By Moshe Shoked
In the past two years I have been invited to take part in many conferences hosted by the American Anthropological Association. The topic of discussion at these forums has been the Israeli-Palestinian conflict. I agreed to take on a thankless task not as a spokesman for Israel’s education ministers or as a mouthpiece of the right or left. I appeared before an academic audience not noted for its sympathetic views on Israeli policy. This group is more inclined to support the Palestinians, albeit with the belief that neither side holds a monopoly on truth and justice.

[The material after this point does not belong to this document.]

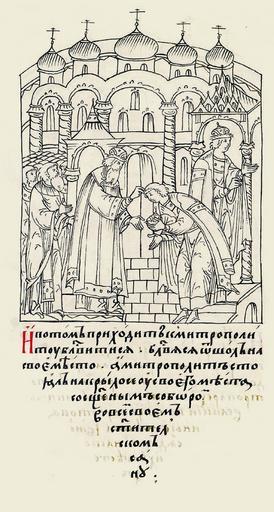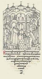 | Keywords: Facial Chronicle - b.20, p. 277 - Coronation Ivan IV.jpg ru Лицевой летописный свод И потом под- ходит к ми- т ополиту благословиться; и благословившись от- ходит на свое место а мит ополит стоял на кли осе у своего места со священным собо ом во всем своем святительском облачении century 16 http //www runivers ru/bookreader/book481478/ page/282/mode/1up RusPainter other versions PD-old-70-1923 Facial Chronicle v 10 - Tsarstvennaya kniga 1533-1553 Ivan IV's coronation Files uploaded by Shakko from various sources Uploaded with UploadWizard |

I tried to place this awful conflict in the context of two truths, with two claims that contradict each other in terms of historical facts and painful memories, between two national movements that have lost all sense of proportion while striving for a settlement that does not provide either side with complete justice.
Alas, I have no plans to accept similar invitations in the future. In the past year, I have lost the conviction that I can truthfully speak for the current Israeli government’s suicidal behavior. The recent statements by Education Minister Gideon Sa’ar, who vowed to deal with university lecturers and professors who condemn Israel and support a boycott of Israeli universities, reflect the deep abyss the current government has led us down.

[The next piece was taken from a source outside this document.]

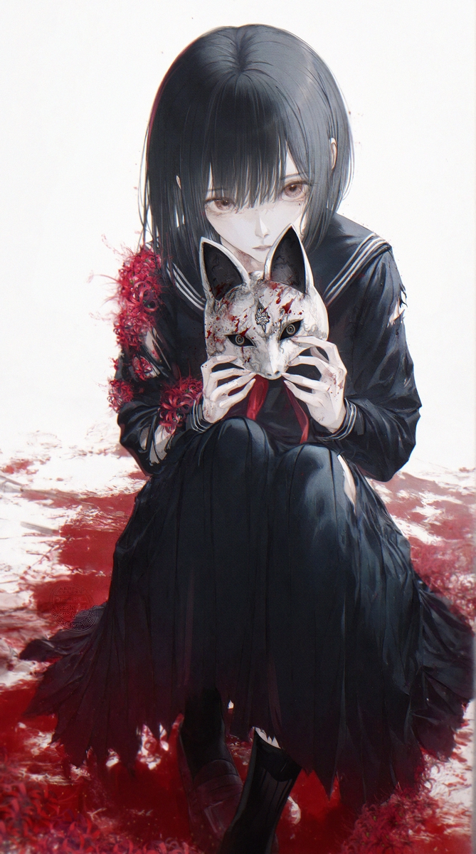 Или, бля, то, что изображения пыток это не на самом деле пытки, а символичный образ переживаний, которые стояли перед Хинако перед свабдью. - Отрубание клешни это символ того, что она отдаёт свою руку суженому - Печать на спине - символ того, что она берёт чужую фамилию и переходит в другую семью - Маска лисы вместо лица - потеря идентичности и становление другой (роль покорной жены).

I tend to believe that it is only a matter of time before this country’s academic institutions are boycotted, regardless of the wishes of the education minister and other champions of Israeli patriotism. They will be boycotted not because of the handful of Israeli professors who have unabashedly supported such a step, but because Israel is under a global microscope that perhaps unfairly discriminates against it compared with other countries that act unjustly, even violently, toward their minorities and neighbors.
For better or worse, Israel does not enjoy the same luxury as countries like Russia and China, which do not rely on the support of Europe and the United States. Indeed, a look through this microscope reveals the foolishness of Israel’s weak-kneed leadership.

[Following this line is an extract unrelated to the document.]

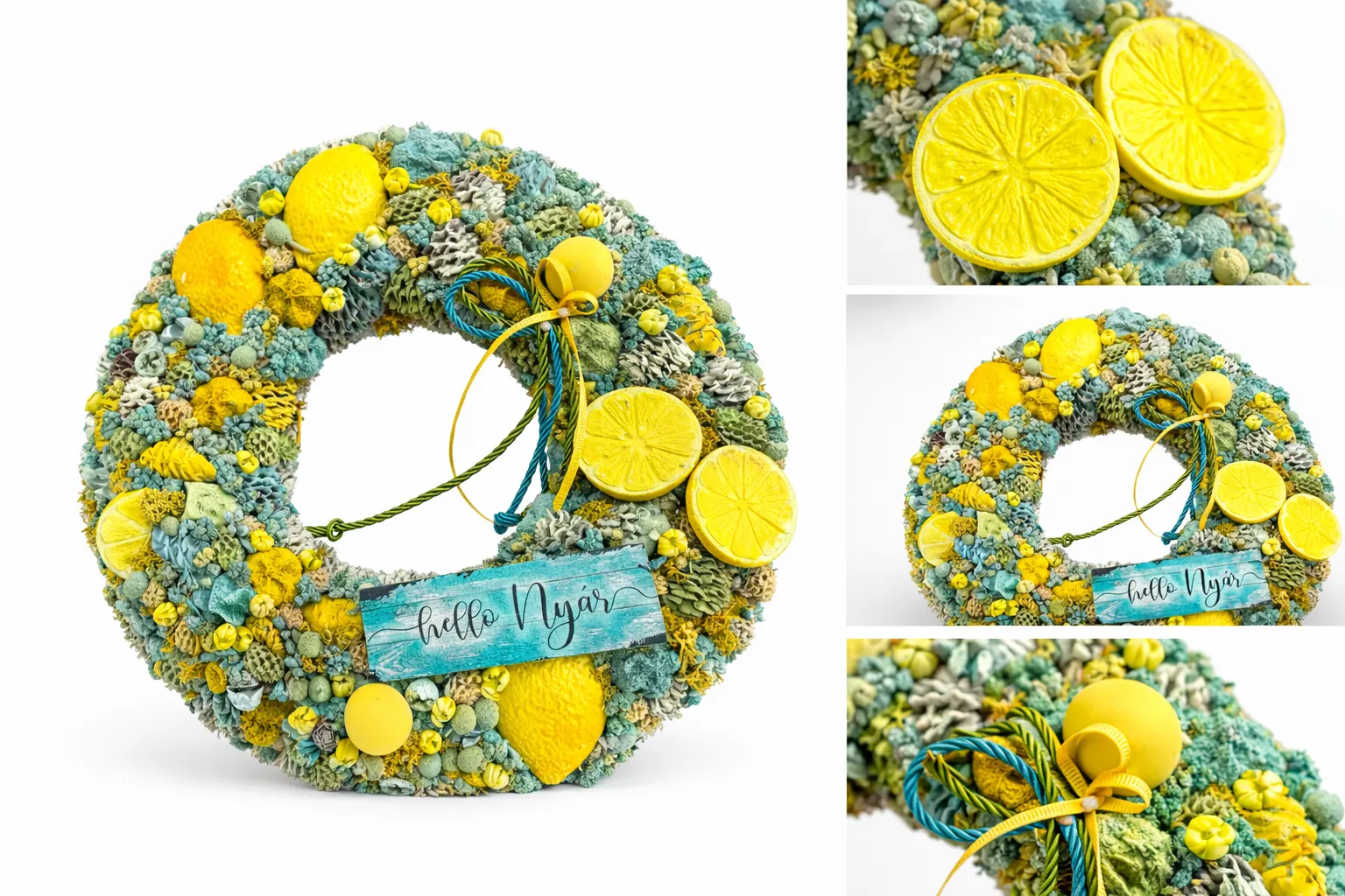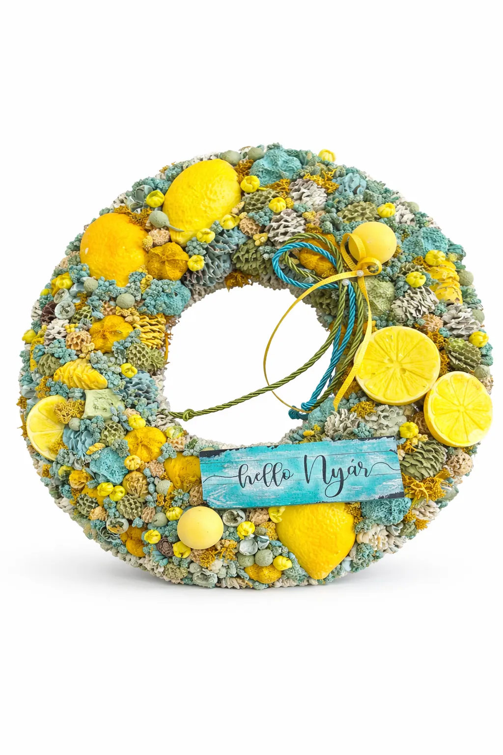 Această coroniță decorativă de vară impresionează printr-un design proaspăt, vibrant și plin de energie, inspirat din prospețimea citricelor și culorile senine ale sezonului cald.

The education minister’s remarks are a sign of the Israeli government’s increasing self-seclusion inside a bunker of delusions, as it distances itself from considerations guided by historical, political and social wisdom. His statements befit benighted regimes that have lost connection to the world, like Iran and other totalitarian states. Israeli academia is losing its international standing on its own account. The brightest students, the hopes of a young generation in academia, prefer to stay abroad.
As early as the 1980s, when I researched yordim – Israeli emigrants – in the United States, I concluded that the overwhelming majority of them will not return. The book in which I included my findings was not translated into Hebrew because at the time it contradicted the dominant ideology. Sa’ar and the rest of this bizarre government of ours would prefer to hunker down and cling to the belief that the entire world is against us and we are in the right.
We have become numb to these eye-popping facts: Operation Cast Lead did not bring back Gilad Shalit, nor did it topple the Hamas government. Instead, it sowed destruction in Gaza and undercut our global standing. Our pathetic cries against the Goldstone report did not help, either. The takeover of the pathetic flotilla once again lined up the world against us. Ultimately we opened the Gaza border crossings.
More than anything, Sa’ar’s recent initiatives will help worsen the brain drain and the university boycott that awaits us. The despair that a vital sector of Israeli society, including academia, finds itself in needs to get the education minister to consider a renewed way of thinking that does not rely on a mob like that represented by right-wing Zionist movement Im Tirtzu. This brings to mind the moving call by late Labor MK Yizhak Ben-Aharon, who urged for “courage to make gains before calamity strikes.” There is no need to silence “treacherous” professors, for the calamity has already struck.
The writer is a professor emeritus of anthropology at Tel Aviv University.